President Donald Trump’s tariffs lack a consistent stated objective, shifting from punitive measures to selective pauses that benefit well-connected firms. Since launching “reciprocal tariffs” in early April 2025—peaking at 145 percent on Chinese imports—Trump has alternated between hardline postures and brief reprieves, notably a 90-day pause for most countries announced April 9. That inconsistency has drawn criticism from economists, frustrated global trading partners, and U.S. industry leaders, who warn the unpredictable policy undermines markets, risks corruption, and fails to deliver on promises to rejuvenate American manufacturing.
Lead
Who: President Donald Trump, Treasury Secretary Scott Bessent, CEOs of major U.S. retailers, global trade negotiators
What: A series of escalating tariffs followed by ad hoc exemptions, with no clear endgame or coherent rationale
Where: Announced from the White House Oval Office and via Truth Social, impacting U.S. and global markets
When: Tariff hikes began April 2, 2025; 90-day pause announced April 9; analysis published April 23, 2025
Why: Officially to rebalance trade and protect U.S. industry, though the strategy appears internally inconsistent and driven by leverage rather than a defined economic plan, according to Wikipedia
From “Liberation Day” to High Tariffs
On April 2, dubbed “Liberation Day,” Trump unveiled minimum 10 percent tariffs on all imports and raised sector-specific duties, reaching 145 percent on Chinese goods, arguing that trade deficits harmed U.S. interests (Wikipedia). Within days, China retaliated with tariffs of at least 125 percent on American exports and controls on rare-earth minerals. The moves triggered a sharp market downturn, with the S&P 500 plunging into bear-market territory before brief recoveries,
Pause and Exemptions: “Let’s Make a Deal” Mode
Two weeks after the initial hikes, Trump announced a 90-day suspension of new “reciprocal tariffs” for all countries except China, shifting to a “let’s make a deal” mode. The pause applied to 57 nations and exempted goods already in transit until May 27, but left core auto, steel, and aluminum levies intact, according to Wikipedia. Electronics—such as smartphones and computers—also won temporary relief following direct appeals from major firms.

Business Response and Corruption Concerns
CEOs of Walmart, Target, Lowe’s, and Home Depot personally lobbied at the White House for tariff carve-outs, highlighting the burden on U.S. consumers and supply chains. Apple secured an exemption after Tim Cook’s call to the president, underscoring fears that only firms with White House access benefit. Critics warn this “whisper in the president’s ear” approach risks favoritism and corruption, as no formal exemption process exists.

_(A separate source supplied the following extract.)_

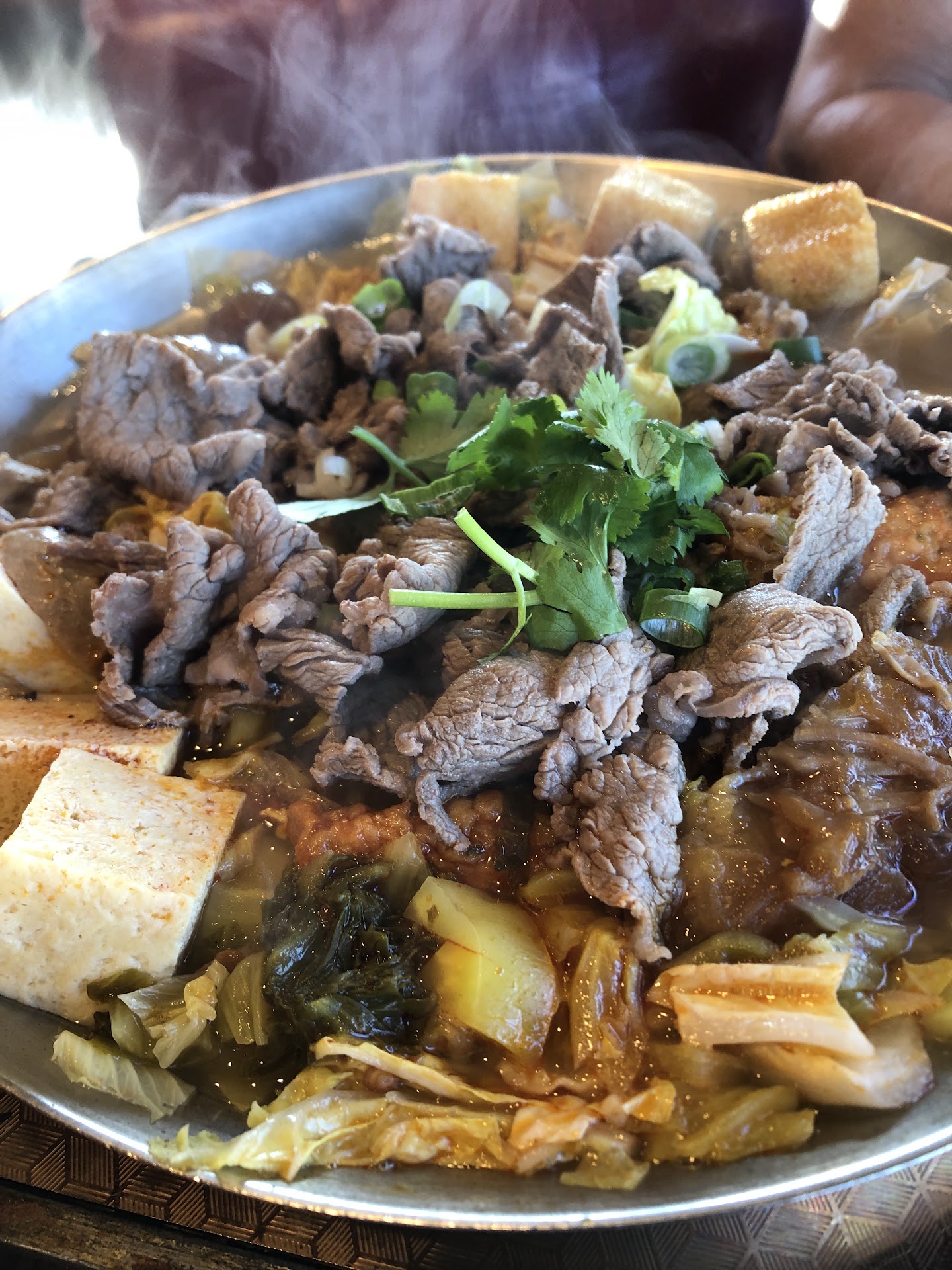 Read moreA great place to go for your personal hot pot! Also perfect for warming up on cold days. There's a nice selection of different hot pots you can order and we have tried the beef, lamb, curry flavor, stinky tofu, and the kimchi dumplings. A lot of the same vegetables and fish balls can be found in each of these pots so the main difference between the pots is the meat and broth. Out of all the ones I have tried, I still enjoy the classic beef hot pot the best. There's a generous amount of meat. The dumplings in the kimchi pot were also pretty tasty. For each pot, you also get the option for rice or vermicelli. Since many of the pots already come with some vermicelli, I usually go with rice. Also, the food is pretty hot so I like to cool a lot of it in a separate bowl before eating. You can also turn off the fire in the pot so it stops boiling. If you run out of broth, you can get...

International Reaction: Confusion and Frustration
The EU’s trade chief left Washington “with little clarity on the American stance,” according to Bloomberg and Reuters. Japan’s Prime Minister Shigeru Ishiba expressed “grave concern” over erratic U.S. policy. China’s Foreign Ministry urged the U.S. to “stop threats and coercion” and negotiate on “equality, mutual respect and reciprocity,”.
Economic Impact and Expert Criticism
The International Monetary Fund forecasted markedly slower global growth amid the tariff shock, warning that the 80-year post-war trading system is “being reset,” according to Wikipedia. Goldman Sachs CEO David Solomon called the uncertainty “unproductive” and warned of a near-term economic drag, according to Reuters. London Business School’s Joseba Martinez characterized the policy as “internally inconsistent” if the aim is U.S. reindustrialization—tariffs can coerce deals or force reshoring, but not both simultaneously, according to Wikipedia.
What’s Next
- Formal talks or more pauses? No structured negotiation mechanism has been announced, leaving companies guessing who holds exemption authority—only the president can grant relief.
- Potential market volatility: Absent clear objectives, analysts expect continued whipsaw in stocks, bonds, and currency markets.
- Political stakes: With midterm elections looming, tariff policy may be leveraged for domestic political gains rather than strategic economic reform.